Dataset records
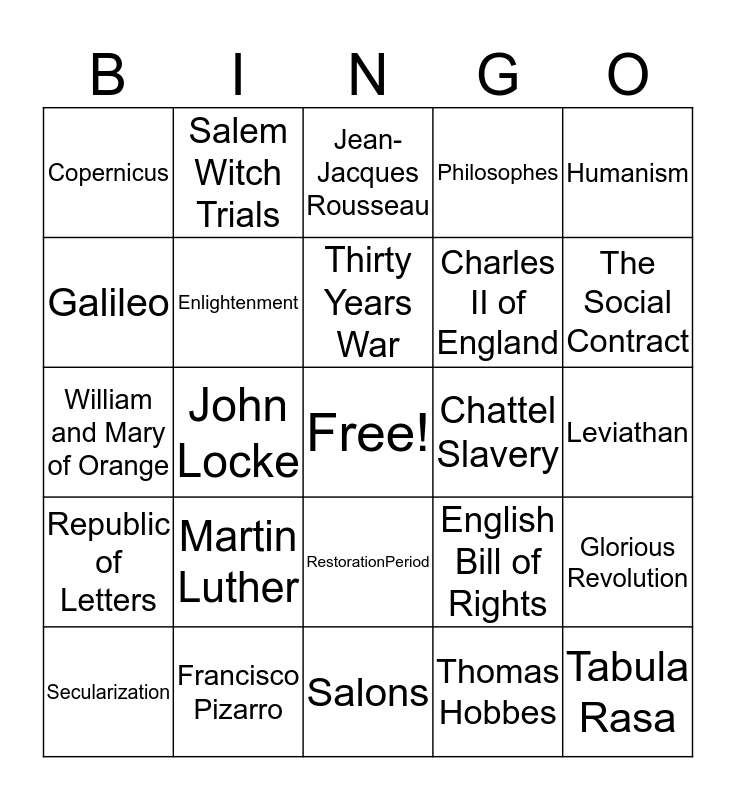 This bingo card has a free space and 24 words: Martin Luther, Francisco Pizarro, Thirty Years War, Secularization, Humanism, Copernicus, Galileo, Salem Witch Trials, Chattel Slavery, RestorationPeriod, Charles II of England, William and Mary of Orange, English Bill of Rights, Glorious Revolution, Enlightenment, Thomas Hobbes, Leviathan, Jean-Jacques Rousseau, The Social Contract, John Locke, Tabula Rasa, Republic of Letters, Philosophes and Salons.
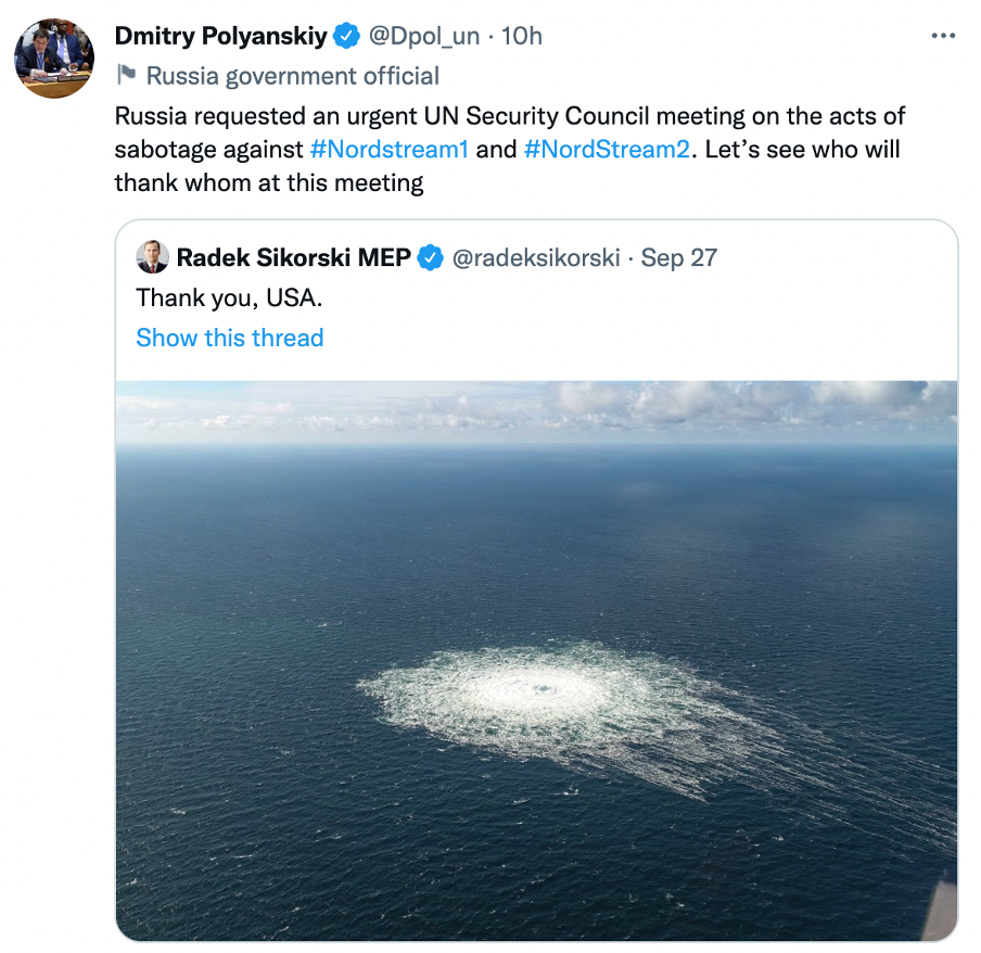 In the background of these cautious and indirect accusations, the former Polish foreign minister, currently the chairman of the EU-US delegation in the European Parliament, Radek Sikorski, stood out, who published a photo of the leak on his Twitter platform, writing “thank you, USA”. Dmitry Polyansky, the Deputy Permanent Representative of the Russian Federation to the United Nations, responded to the post, informing that “Russia has demanded an urgent session of the UN Security Council regarding the sabotage against “Nord Stream 1” and “Nord Stream 2”. Let’s see who will thank whom during this meeting.”
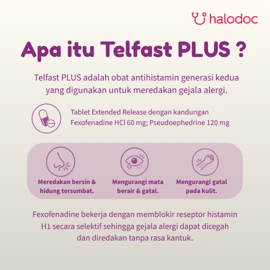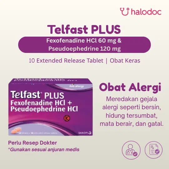 TELFAST PLUS 10 TABLET adalah sediaan obat kombinasi yang dirancang untuk meredakan gejala rinitis alergi, termasuk hidung tersumbat, bersin-bersin, pilek, serta gatal pada hidung, tenggorokan, dan mata. Setiap tablet mengandung dua zat aktif utama Fexofenadine HCl 60 mg dan Pseudoephedrine HCl 120 mg. Fexofenadine bekerja sebagai antihistamin generasi kedua, secara selektif memblokir reseptor H1 untuk menghambat efek histamin yang memicu gejala alergi tanpa menyebabkan sedasi signifikan. Sementara itu, Pseudoephedrine adalah dekongestan simpatomimetik yang bekerja dengan menyempitkan pembuluh darah di mukosa hidung, sehingga mengurangi pembengkakan dan kongesti (hidung tersumbat). Kombinasi kedua zat ini memberikan efek sinergis untuk meredakan spektrum gejala alergi dan hidung tersumbat secara efektif.
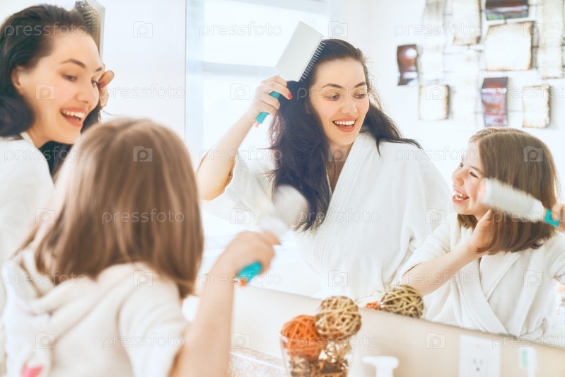 Мать и дочь расчесывают волосы
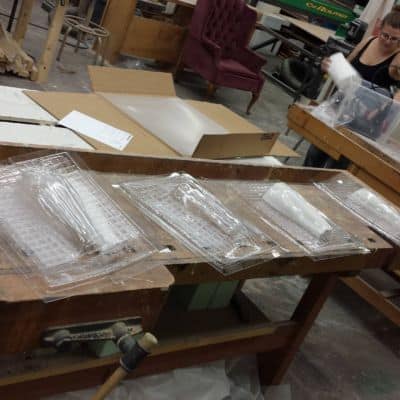 Been super busy lately with work, but I did get the chance to make my biceps up. I actually had to try a couple iterations of it to get something that looked proportionate with what I think I need on the rest of the armor, as my first few attempts were too thin. Eventually, to get something consistent, I made a pattern out of craft foam that fit pretty comfortably and traced it onto some leftover PETG from my vacuform arm scrap. This then got laid overtop a 5″ diameter HVAC aluminum pipe that I bought from Home Depot for like $6. Because it’s aluminum, it’s safe to heat the plastic up against, so I was able to take a heat gun and do some bending to try and get the plastic to wrap around the curve.
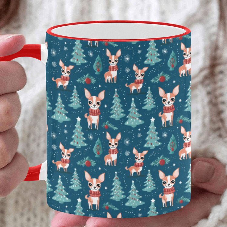 Celebrate the joy of the holiday season with our Fawn / Gold and White Chihuahua Winter Wonderland Christmas Coffee Mug!
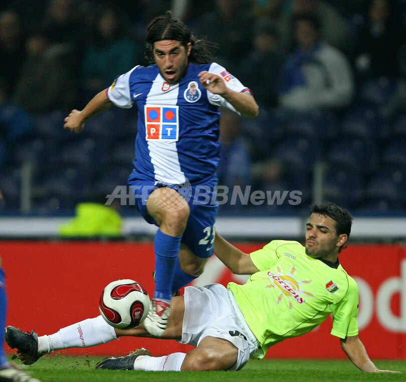 【ポルト/ポルトガル 3日 AFP】サッカー、ポルトガル・スーペルリーガ・第17節、FCポルト(FC Porto)vsエストレラ・ダ・アマドーラ(Estrela Amadora)。試合は後半ロスタイムにアンセルモ(Anselmo)が決勝のゴールを決め、アマドーラが0-1でポルトを降し、リーグ5勝目を挙げ勝ち点を20に伸ばした。写真は、決勝ゴールを決めチームメートに祝福されるアンセルモ(中央)。(c)AFP/NICOLAS ASFOURI

◆ What you will do ◆
Repeat only the lines from the one holding "Been super busy" through the last line of the data, inclusive. Keep the pictures out.

◆ Solution for this exercise ◆
 Been super busy lately with work, but I did get the chance to make my biceps up. I actually had to try a couple iterations of it to get something that looked proportionate with what I think I need on the rest of the armor, as my first few attempts were too thin. Eventually, to get something consistent, I made a pattern out of craft foam that fit pretty comfortably and traced it onto some leftover PETG from my vacuform arm scrap. This then got laid overtop a 5″ diameter HVAC aluminum pipe that I bought from Home Depot for like $6. Because it’s aluminum, it’s safe to heat the plastic up against, so I was able to take a heat gun and do some bending to try and get the plastic to wrap around the curve.
 Celebrate the joy of the holiday season with our Fawn / Gold and White Chihuahua Winter Wonderland Christmas Coffee Mug!
 【ポルト/ポルトガル 3日 AFP】サッカー、ポルトガル・スーペルリーガ・第17節、FCポルト(FC Porto)vsエストレラ・ダ・アマドーラ(Estrela Amadora)。試合は後半ロスタイムにアンセルモ(Anselmo)が決勝のゴールを決め、アマドーラが0-1でポルトを降し、リーグ5勝目を挙げ勝ち点を20に伸ばした。写真は、決勝ゴールを決めチームメートに祝福されるアンセルモ(中央)。(c)AFP/NICOLAS ASFOURI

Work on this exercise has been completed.